Son rire se transforma en un sourire plus intime, et il passa une main dans mes cheveux.

— Tu vois, on est déjà en train de créer nos propres traditions, murmura-t-il. C'est peut-être ça, le vrai sens des fêtes.

Il avait raison. À travers cette dispute, ce compromis et cette prise de conscience mutuelle, nous étions en train de poser les premières pierres de notre propre histoire, de cette vie à deux que nous essayions de bâtir.

Le lendemain, nous avons fait les boutiques ensemble, main dans la main, cherchant des décorations qui correspondent à notre vision partagée. Pour la première fois, je ne sentais plus la tension de nos différences. Au contraire, chaque concession, chaque choix fait ensemble me semblait enrichir notre complicité.

De retour à la maison, nous avons installé notre sapin — grand et imposant comme il l'avait souhaité, mais orné de petites touches élégantes, comme je l'imaginais. Thomas alluma sa fameuse bougie à la cannelle, et je l'observais tandis qu'il ajustait une guirlande. La douce odeur envahissait la pièce, créant une atmosphère chaleureuse, presque apaisante.

Je m'approchai de lui, glissant mes bras autour de sa taille. Il se retourna, surpris, et m'enlaça doucement.

— Merci, murmurai-je. Merci d'avoir fait cet effort.

Il m'embrassa tendrement sur le front, et dans ce baiser, je sentis toute la tendresse qu'il avait pour moi, malgré nos désaccords.

— Tout ce que je veux, Evelyn, c'est que cette maison soit la nôtre. Pas seulement la mienne ou la tienne, mais la nôtre, répondit-il doucement.
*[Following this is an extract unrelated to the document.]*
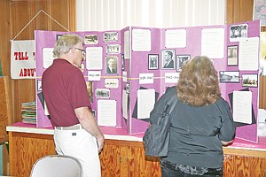 Ralph and Nancy Seeley review the historical poster of St. John Lutheran Church's long history. The event Sunday was capped off with a luncheon and concert.

En regardant notre sapin, illuminé de mille petites lueurs, je compris que c'était exactement ce que nous étions en train de faire.
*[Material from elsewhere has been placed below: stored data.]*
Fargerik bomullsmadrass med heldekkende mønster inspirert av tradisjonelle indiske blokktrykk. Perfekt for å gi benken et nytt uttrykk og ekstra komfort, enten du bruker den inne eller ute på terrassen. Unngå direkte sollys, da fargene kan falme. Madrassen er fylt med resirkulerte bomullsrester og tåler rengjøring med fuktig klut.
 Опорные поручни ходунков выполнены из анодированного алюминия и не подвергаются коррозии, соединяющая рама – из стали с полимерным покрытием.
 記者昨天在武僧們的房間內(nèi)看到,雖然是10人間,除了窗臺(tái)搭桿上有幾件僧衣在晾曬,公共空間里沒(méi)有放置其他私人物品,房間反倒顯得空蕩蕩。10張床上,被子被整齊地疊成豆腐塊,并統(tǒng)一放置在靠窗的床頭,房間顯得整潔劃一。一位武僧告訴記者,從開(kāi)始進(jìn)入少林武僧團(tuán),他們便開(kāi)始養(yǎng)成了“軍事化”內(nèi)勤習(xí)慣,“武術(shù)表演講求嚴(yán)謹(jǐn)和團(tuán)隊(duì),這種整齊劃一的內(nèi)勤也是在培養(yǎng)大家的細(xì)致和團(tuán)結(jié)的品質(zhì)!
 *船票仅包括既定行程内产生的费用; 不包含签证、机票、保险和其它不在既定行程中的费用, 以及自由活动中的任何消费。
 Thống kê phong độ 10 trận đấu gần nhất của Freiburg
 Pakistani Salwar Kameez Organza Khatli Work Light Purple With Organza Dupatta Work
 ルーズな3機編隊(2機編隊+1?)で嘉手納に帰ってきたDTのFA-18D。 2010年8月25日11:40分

Le lendemain matin, l'air frais de décembre s'infiltre par les fenêtres mal isolées de notre demeure victorienne. Tandis que je remontais les lourdes tentures pour laisser entrer la lumière, je me surpris à contempler les draperies riches et ornées que Thomas avait fait installer la veille, en dépit de nos discussions. Chaque angle de la pièce semblait chargé d'un faste que je trouvais presque oppressant. La broderie dorée, les motifs baroques, les candélabres en cuivre... tout me rappelait à quel point Thomas et moi avions des conceptions opposées de ce que devait être un foyer.

Alors que j'ajoutais une énième fois une étagère, Thomas fit son entrée dans le salon. Son regard acéré s'attarda immédiatement sur l'endroit où j'avais placé quelques vases en porcelaine bleue, d'une simplicité délibérée qui tranchait avec le reste de la pièce.

— Evelyn, ces vases... J'aurais plutôt imaginé des statues plus imposantes pour habiller cette étagère, dit-il d'un ton mesuré mais critique, les mains croisées derrière son dos.

Je soupirai, résistant à l'envie de répliquer sèchement.

— Thomas, chaque recoin de cette maison n'a pas besoin de briller d'opulence. Je pense que quelques touches de simplicité peuvent... alléger l'ambiance.